= Ionocaloric refrigeration =

Refrigeration process

The ionocaloric refrigeration cycle is a cooling technology that utilizes the ionocaloric effect, driven by an electrochemical field, to achieve efficient refrigeration. By manipulating the electrochemical potential through ion addition or removal, significant temperature changes and entropy variations are achieved. This cycle is distinct from typical widespread refrigeration cycles.

It was developed by Drew Lilley and Ravi Prasher at the Department of Energy's Lawrence Berkeley National Laboratory with their work published in January 2023.

== Overview ==

The ionocaloric refrigeration cycle is a cooling technology that offers high efficiency and zero global warming potential. This cycle utilizes the ionocaloric effect, which is driven by an electrochemical field, to achieve significant adiabatic temperature changes and isothermal entropy changes. Developed as a solution to the pressing need for sustainable and environmentally-friendly refrigeration systems, the ionocaloric refrigeration cycle shows promising results in terms of performance and energy efficiency.

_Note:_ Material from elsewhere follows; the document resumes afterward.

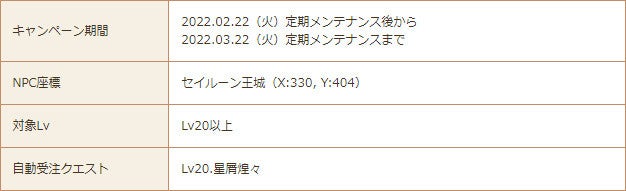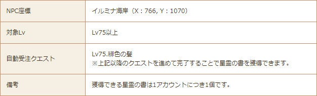 セイルーンの王女が日々の功績を感謝して、あなたに褒美を渡すために「星詠み師・アイーシャ」を城下町に招きました。アイーシャに話しかけるとアイテム「星屑BOX」が貰えます。星屑BOXは4時間に1度使用でき、使用すると冒険に役立つアイテムが1つ獲得できます。

Traditional refrigeration technologies, such as vapor-compression (VC) systems, have relied on hydrofluorocarbons (HFCs) as refrigerants. However, HFCs have a high global warming potential and contribute significantly to greenhouse gas emissions. To address these environmental concerns, researchers have explored solid-state caloric materials that exhibit refrigeration effects under external fields. While previous caloric materials have shown limited performance and low coefficient of performance (COP), the ionocaloric cycle demonstrates remarkable improvements.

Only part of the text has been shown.